What needs to be done
All of the listing, from first line to last, should be output exactly; the pictures stay out.

Exercise data

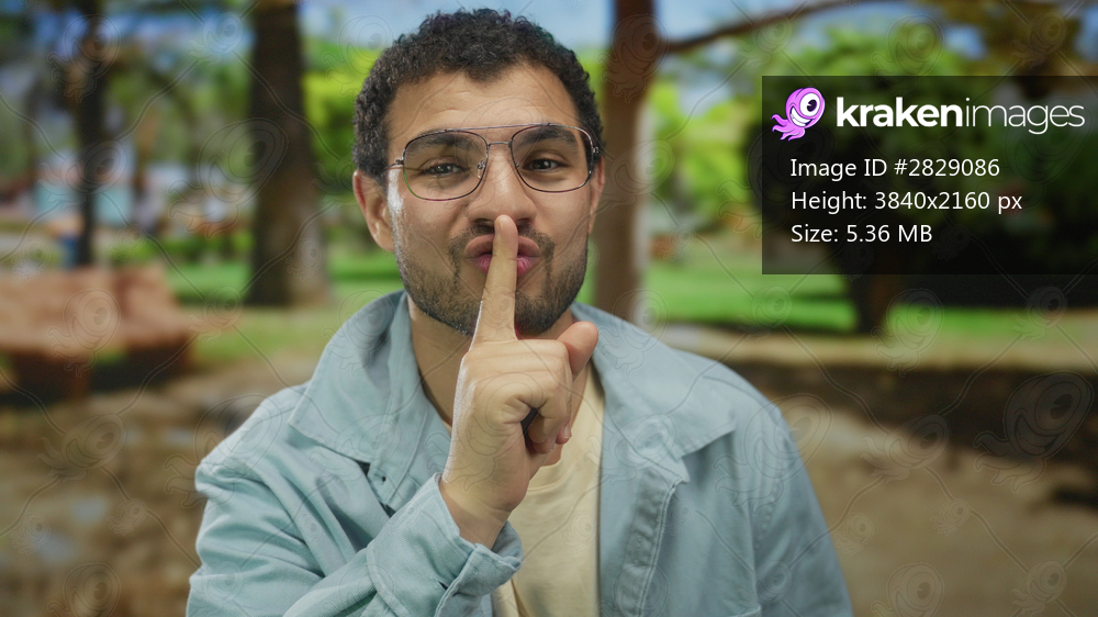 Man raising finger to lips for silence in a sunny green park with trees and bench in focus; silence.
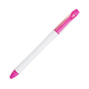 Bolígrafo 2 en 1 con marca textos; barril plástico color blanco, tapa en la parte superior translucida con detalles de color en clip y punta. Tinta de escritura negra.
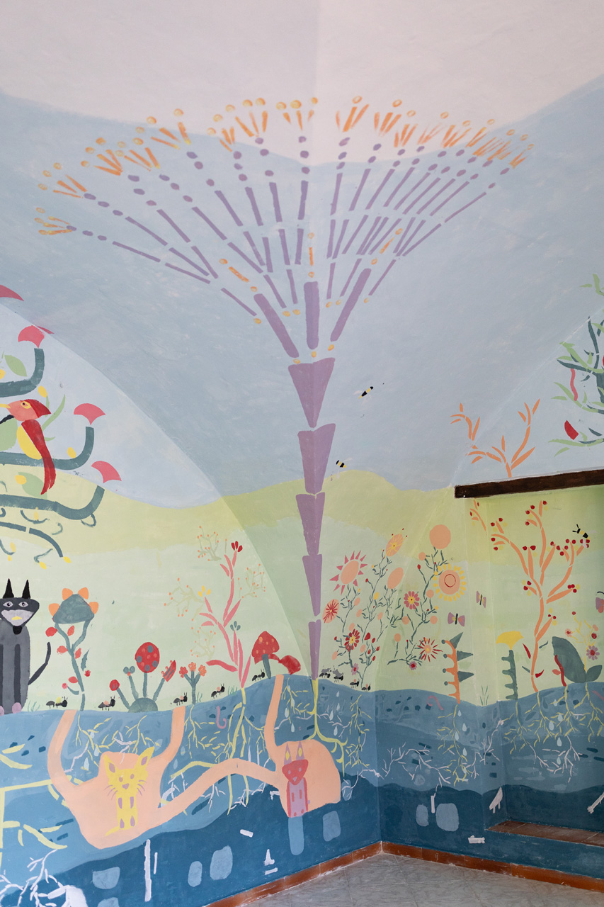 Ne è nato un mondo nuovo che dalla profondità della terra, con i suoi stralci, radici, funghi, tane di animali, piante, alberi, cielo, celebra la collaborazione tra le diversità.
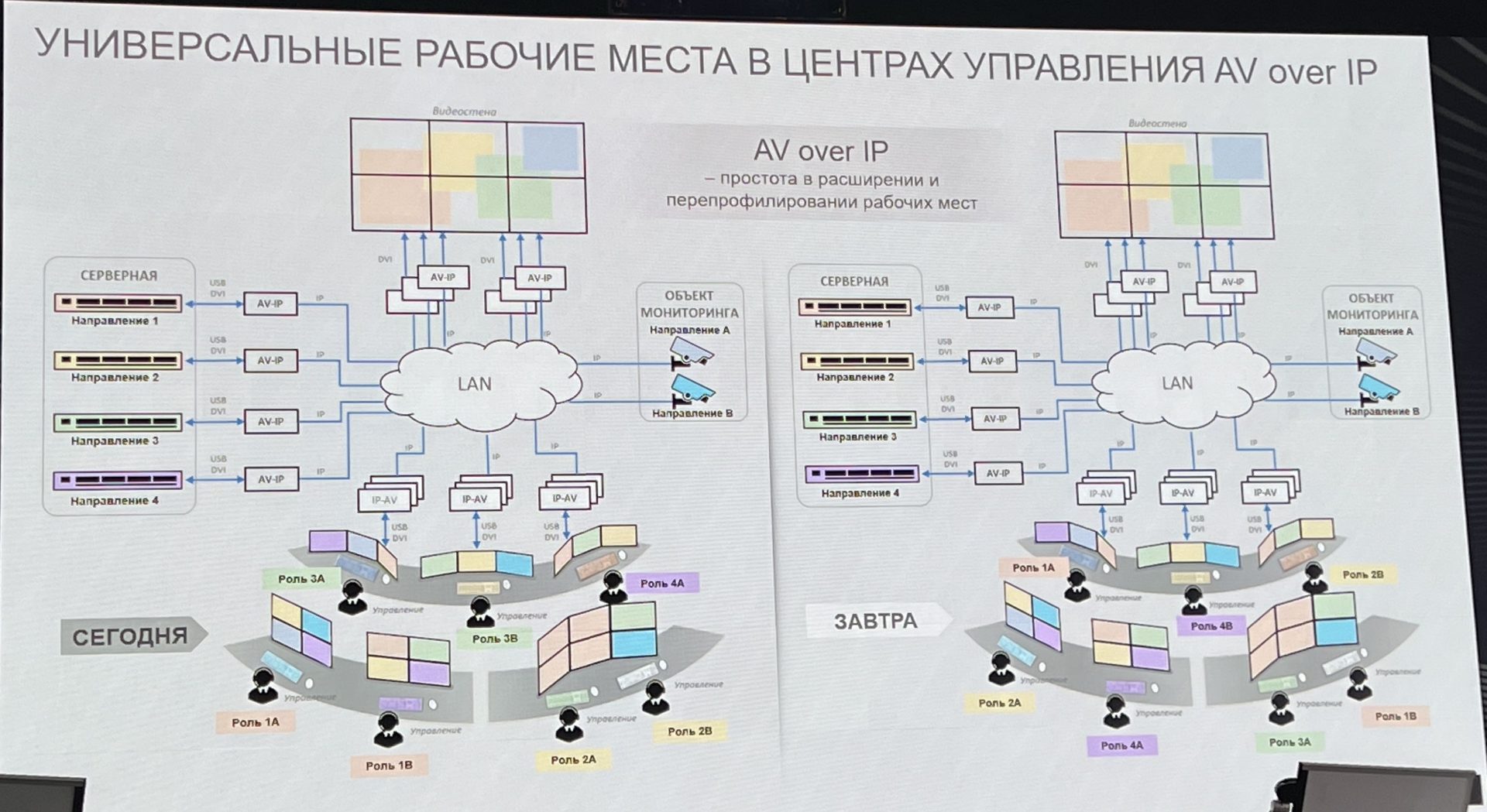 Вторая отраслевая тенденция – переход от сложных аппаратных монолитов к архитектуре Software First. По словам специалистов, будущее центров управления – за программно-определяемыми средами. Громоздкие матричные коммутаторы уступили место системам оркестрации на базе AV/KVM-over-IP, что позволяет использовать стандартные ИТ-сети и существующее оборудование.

Reply to the exercise
 Man raising finger to lips for silence in a sunny green park with trees and bench in focus; silence.
 Bolígrafo 2 en 1 con marca textos; barril plástico color blanco, tapa en la parte superior translucida con detalles de color en clip y punta. Tinta de escritura negra.
 Ne è nato un mondo nuovo che dalla profondità della terra, con i suoi stralci, radici, funghi, tane di animali, piante, alberi, cielo, celebra la collaborazione tra le diversità.
 Вторая отраслевая тенденция – переход от сложных аппаратных монолитов к архитектуре Software First. По словам специалистов, будущее центров управления – за программно-определяемыми средами. Громоздкие матричные коммутаторы уступили место системам оркестрации на базе AV/KVM-over-IP, что позволяет использовать стандартные ИТ-сети и существующее оборудование.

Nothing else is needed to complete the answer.